------ Data for analysis

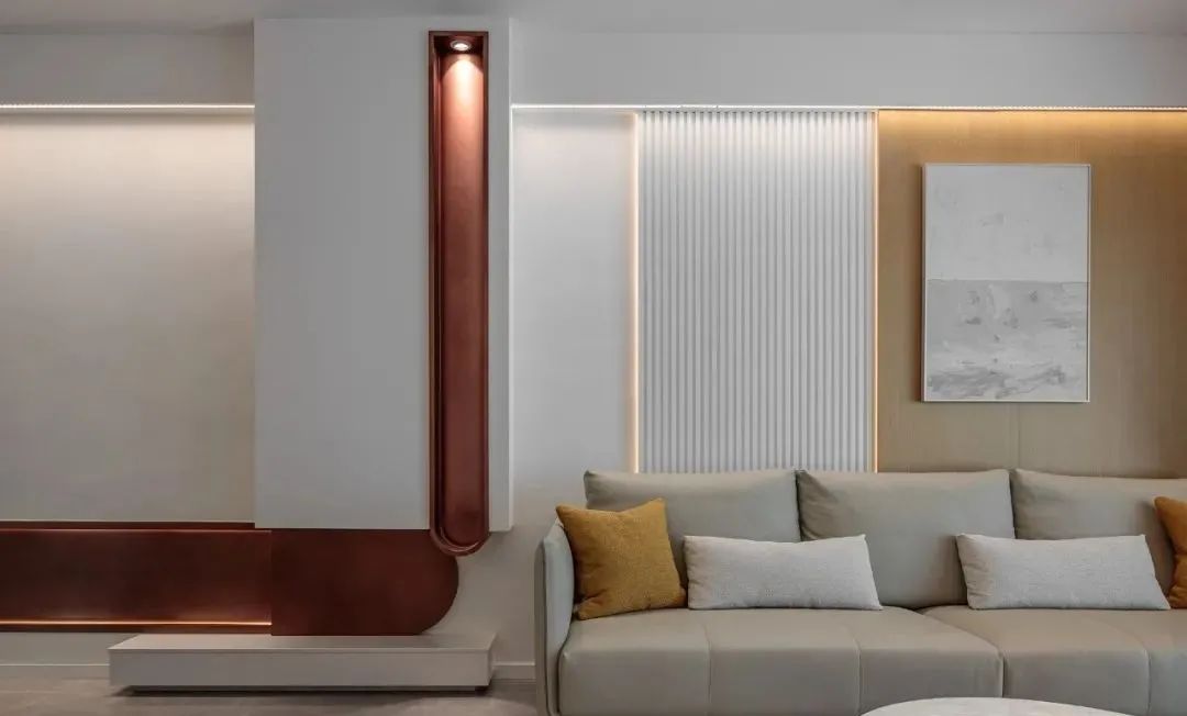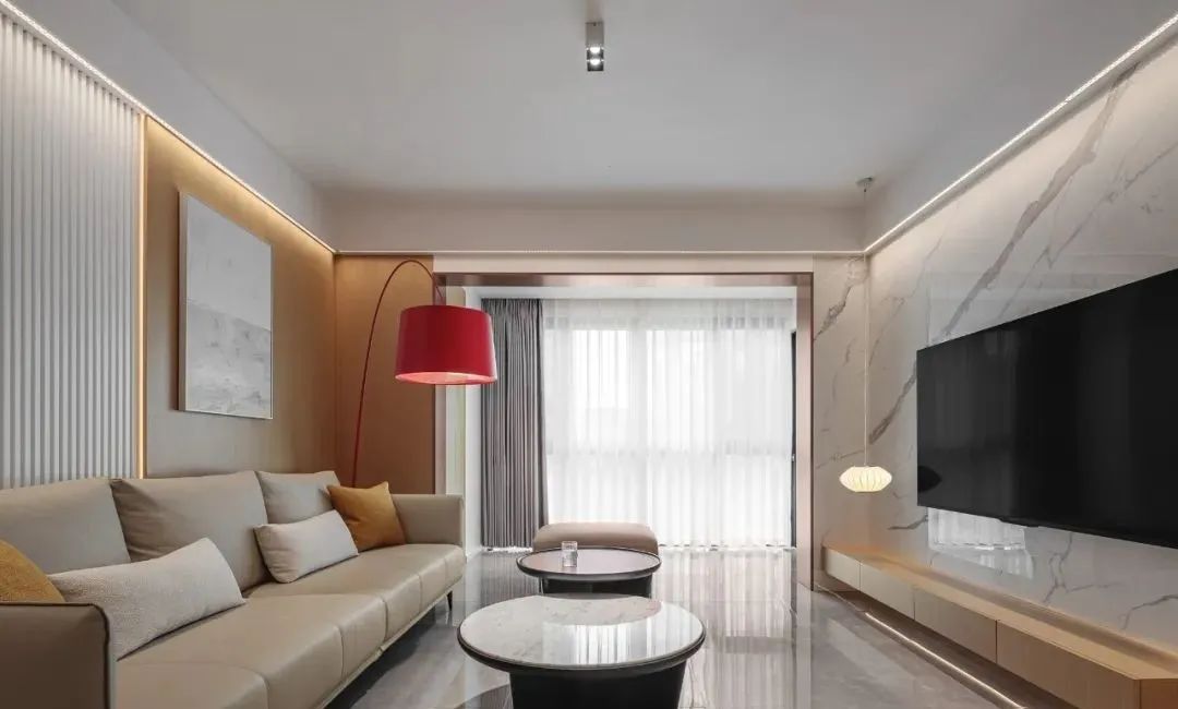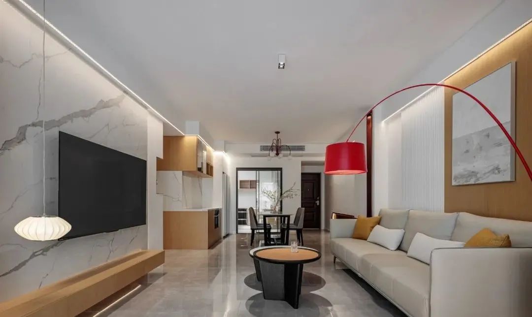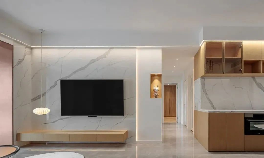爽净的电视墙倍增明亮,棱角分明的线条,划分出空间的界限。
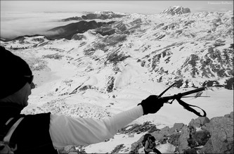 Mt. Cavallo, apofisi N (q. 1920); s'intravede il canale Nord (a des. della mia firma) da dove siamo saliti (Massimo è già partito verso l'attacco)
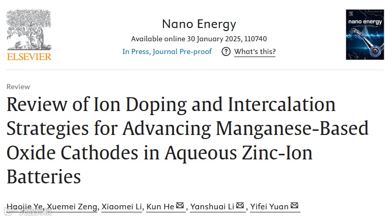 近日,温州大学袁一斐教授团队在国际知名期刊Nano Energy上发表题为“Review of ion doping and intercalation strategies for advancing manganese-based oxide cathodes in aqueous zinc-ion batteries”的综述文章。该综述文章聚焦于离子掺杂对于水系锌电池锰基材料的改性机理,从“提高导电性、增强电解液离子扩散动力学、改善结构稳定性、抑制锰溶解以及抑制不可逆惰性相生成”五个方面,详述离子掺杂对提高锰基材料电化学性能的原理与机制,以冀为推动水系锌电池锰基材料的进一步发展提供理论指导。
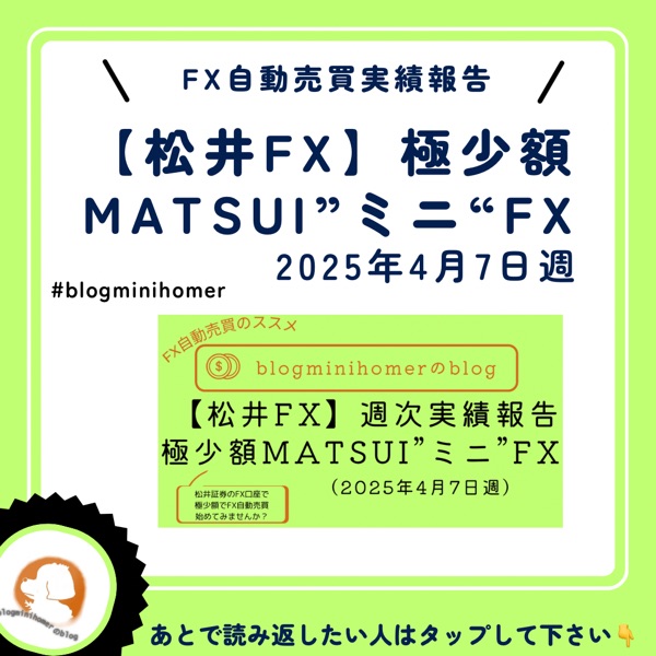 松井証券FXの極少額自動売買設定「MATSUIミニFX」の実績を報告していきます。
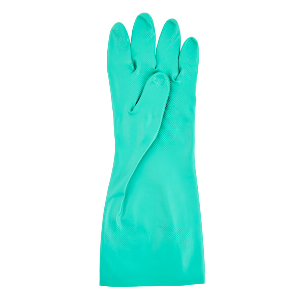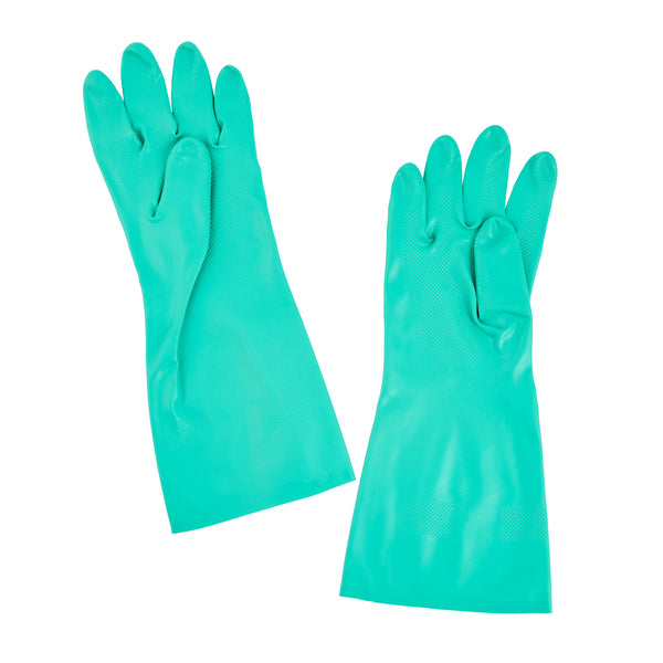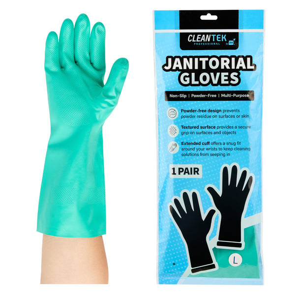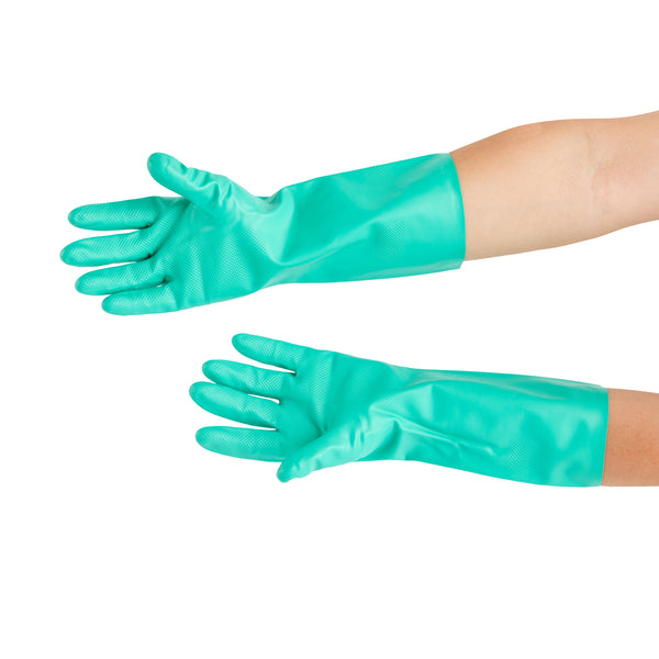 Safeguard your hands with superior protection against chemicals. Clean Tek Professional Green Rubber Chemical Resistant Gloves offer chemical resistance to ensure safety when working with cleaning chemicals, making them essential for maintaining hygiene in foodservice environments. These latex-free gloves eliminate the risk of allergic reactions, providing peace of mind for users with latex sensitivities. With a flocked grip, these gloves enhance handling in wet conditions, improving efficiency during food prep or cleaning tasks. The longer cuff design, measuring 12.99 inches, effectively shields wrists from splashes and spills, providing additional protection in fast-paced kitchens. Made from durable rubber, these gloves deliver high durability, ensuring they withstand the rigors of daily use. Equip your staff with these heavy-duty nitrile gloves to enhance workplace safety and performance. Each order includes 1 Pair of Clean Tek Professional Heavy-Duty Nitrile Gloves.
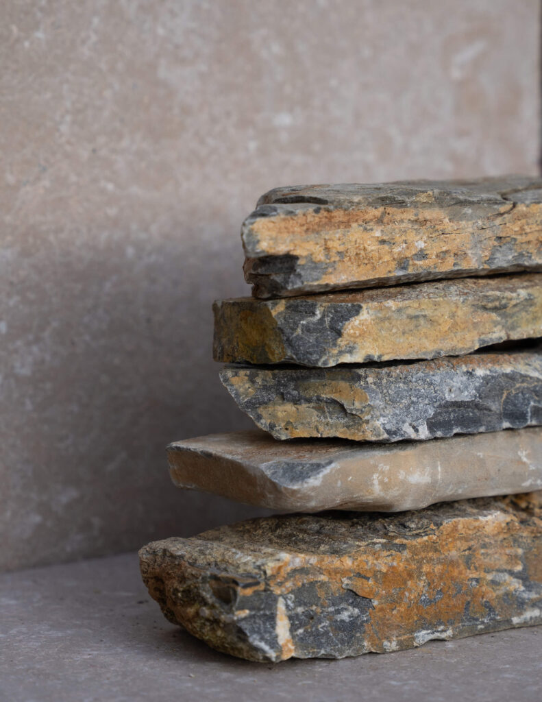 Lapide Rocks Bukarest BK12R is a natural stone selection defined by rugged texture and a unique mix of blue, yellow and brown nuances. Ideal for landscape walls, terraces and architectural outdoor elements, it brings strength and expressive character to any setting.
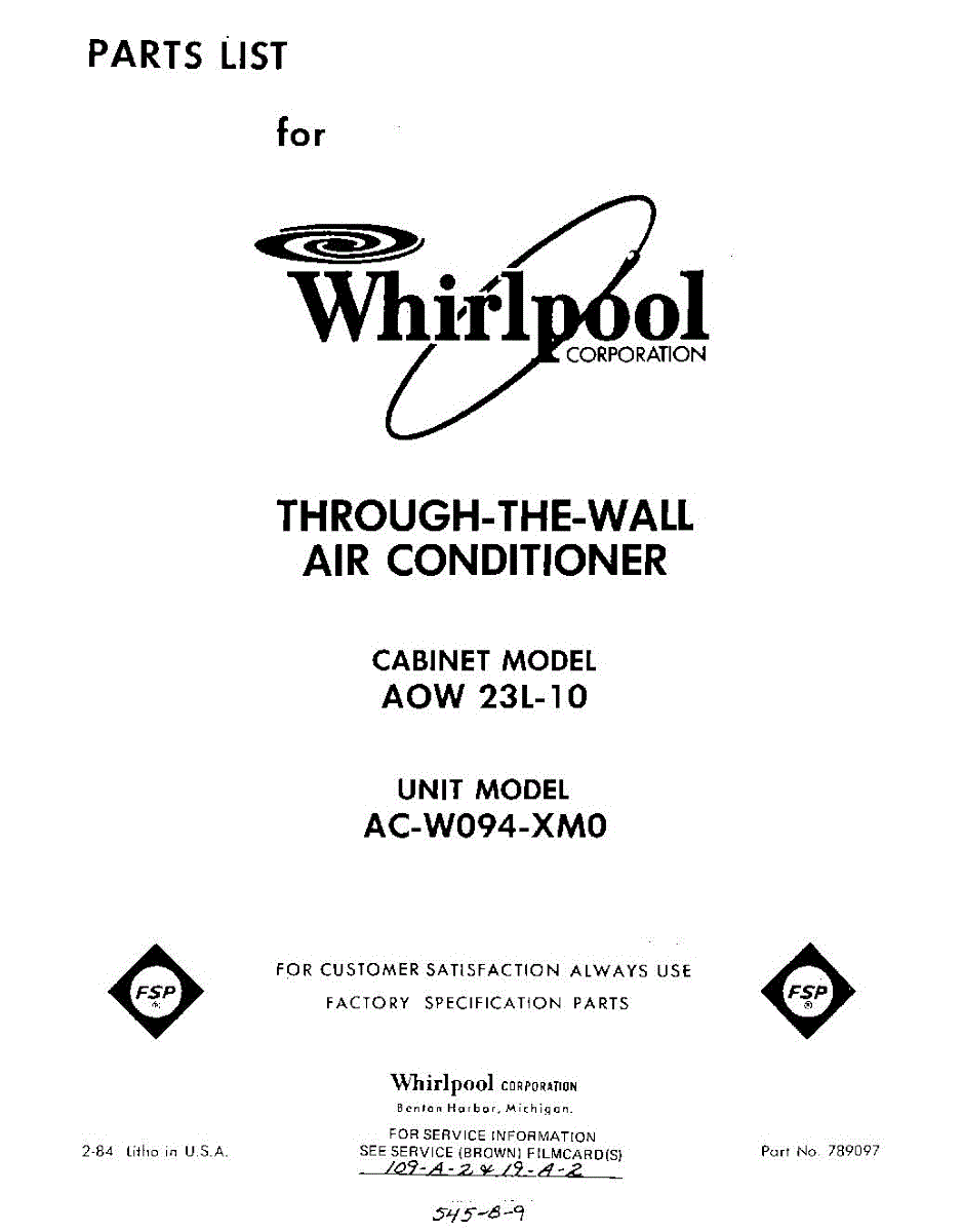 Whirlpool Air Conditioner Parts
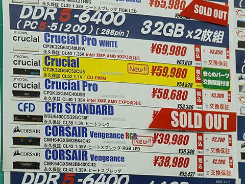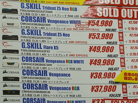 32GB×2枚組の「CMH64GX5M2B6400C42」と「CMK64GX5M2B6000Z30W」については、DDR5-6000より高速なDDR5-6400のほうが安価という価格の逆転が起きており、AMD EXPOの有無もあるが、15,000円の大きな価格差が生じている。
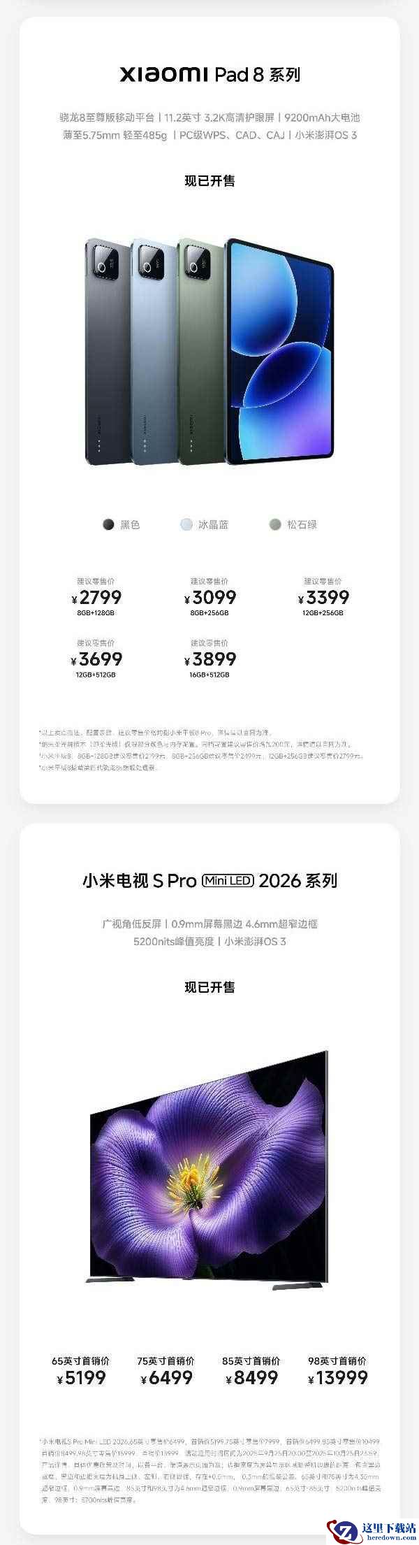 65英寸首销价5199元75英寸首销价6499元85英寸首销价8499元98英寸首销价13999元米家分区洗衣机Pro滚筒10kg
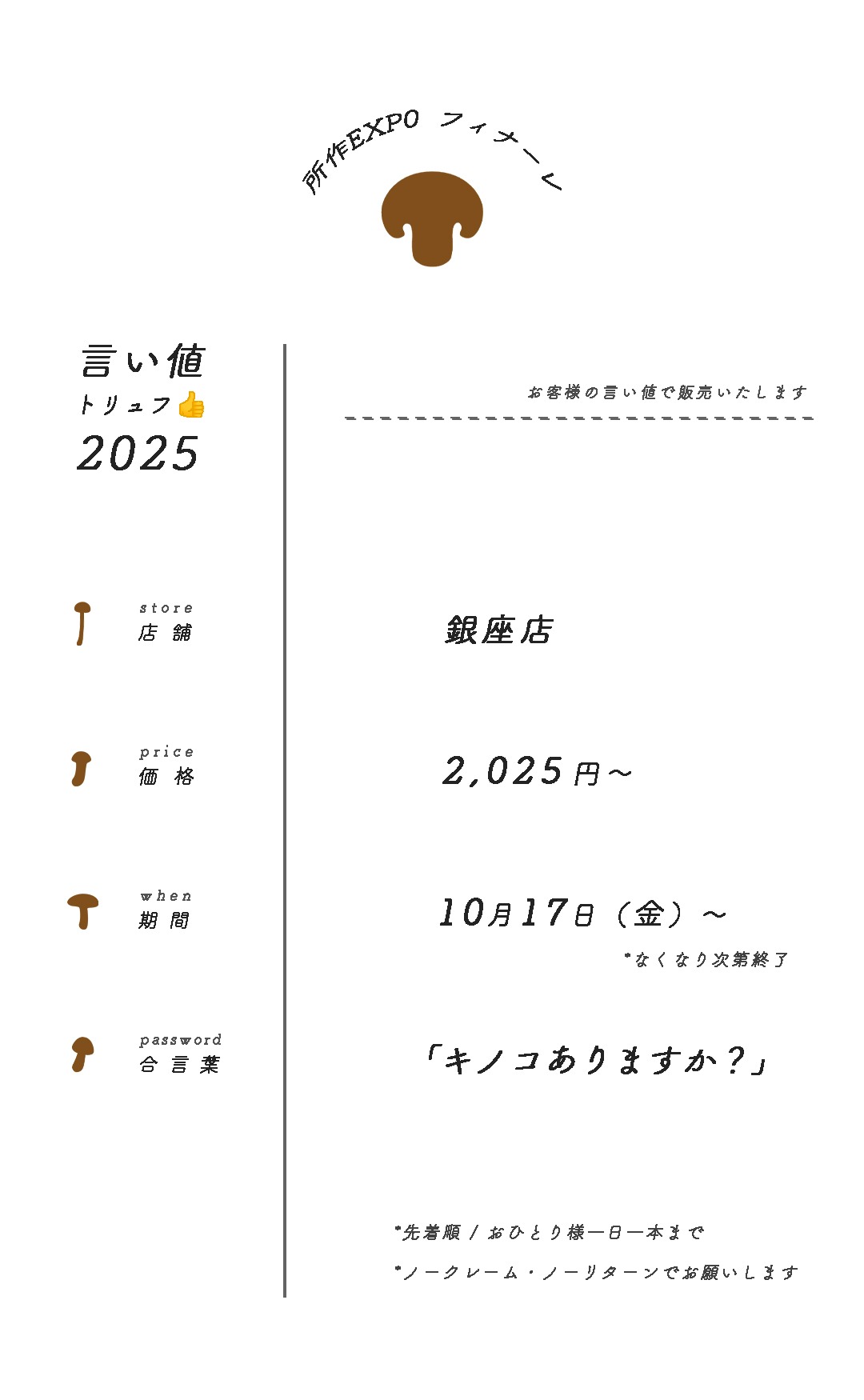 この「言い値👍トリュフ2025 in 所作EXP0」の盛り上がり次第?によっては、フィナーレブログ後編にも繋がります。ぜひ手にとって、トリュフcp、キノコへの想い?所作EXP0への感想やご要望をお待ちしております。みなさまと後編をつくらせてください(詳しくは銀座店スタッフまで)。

------------

▶ **Task requirements**
Copy out only the lines beginning at the line with "Lapide Rocks Bukarest" and ending at the last line of the entries. Keep them exact; drop pictures.

▶ **Exercise response**
 Lapide Rocks Bukarest BK12R is a natural stone selection defined by rugged texture and a unique mix of blue, yellow and brown nuances. Ideal for landscape walls, terraces and architectural outdoor elements, it brings strength and expressive character to any setting.
 Whirlpool Air Conditioner Parts
 32GB×2枚組の「CMH64GX5M2B6400C42」と「CMK64GX5M2B6000Z30W」については、DDR5-6000より高速なDDR5-6400のほうが安価という価格の逆転が起きており、AMD EXPOの有無もあるが、15,000円の大きな価格差が生じている。
 65英寸首销价5199元75英寸首销价6499元85英寸首销价8499元98英寸首销价13999元米家分区洗衣机Pro滚筒10kg
 この「言い値👍トリュフ2025 in 所作EXP0」の盛り上がり次第?によっては、フィナーレブログ後編にも繋がります。ぜひ手にとって、トリュフcp、キノコへの想い?所作EXP0への感想やご要望をお待ちしております。みなさまと後編をつくらせてください(詳しくは銀座店スタッフまで)。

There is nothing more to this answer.